MUMBAI: Hawkish statements from the US central bank chief on Wednesday night led to a global sell-off in stocks that also weighed on investor sentiment on Dalal Street. Sensex opened weak, remained in the red through the session and closed 964 points down at 79,218 points.
This was the first time since Nov 29 that the index closed below the psychologically important 80K mark, BSE data showed. In the last four sessions the sensex has lost a little over 2,900 points, translating to 3.6%.

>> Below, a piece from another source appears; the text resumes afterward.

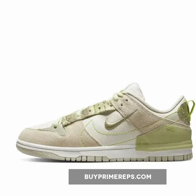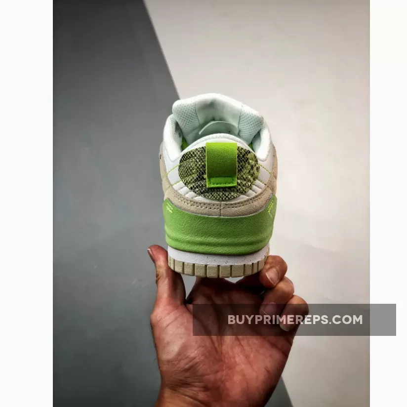 The upper of the Nike Dunk Low Disrupt 2 Green Snake is constructed with a combination of leather and suede materials. The base of the upper is made from a premium Sail leather, giving the shoe a clean and sleek look. The tan suede overlays add texture and depth to the design, contrasting nicely with the smooth leather.

On the NSE, the nifty too followed a similar path and closed 247 points lower at 23,952 points. This was nifty’s first close below the 24K mark since Nov 28, NSE data showed. In Thursday’s session selling was across the board with foreign funds again leading. At close, net selling by foreign portfolio investors (FPIs) was Rs 4,225 crore. In comparison, domestic funds were net buyers at Rs 3,943 crore, data from BSE showed.
According to Prashanth Tapse, Senior VP (Research), Mehta Equities, domestic markets tanked tracking negative global cues as benchmark indices slipped below their psychological levels. There was broad-based selling as the US Fed’s hawkish stance raised concerns over further rate cuts next year. “Rising US bond yields have pushed global currencies, including the rupee to new lows while renewed foreign fund outflows from domestic equities could prompt investors to turn risk averse,” he said.
So far in the month, foreign funds are still a net buyer. But this came mainly on the back of their investments in IPOs, market players said. Combined data from NSDL and BSE showed that in Dec, FPIs were net buyers at about Rs 18,350 crore. The day’s slide left investors poorer by Rs 3.8 lakh crore with BSE’s market capitalisation now at nearly Rs 458 lakh crore.
During the session, of the 30 sensex stocks, 27 closed in the red. ICICI Bank, Reliance and HDFC Bank contributed the most to the day’s loss.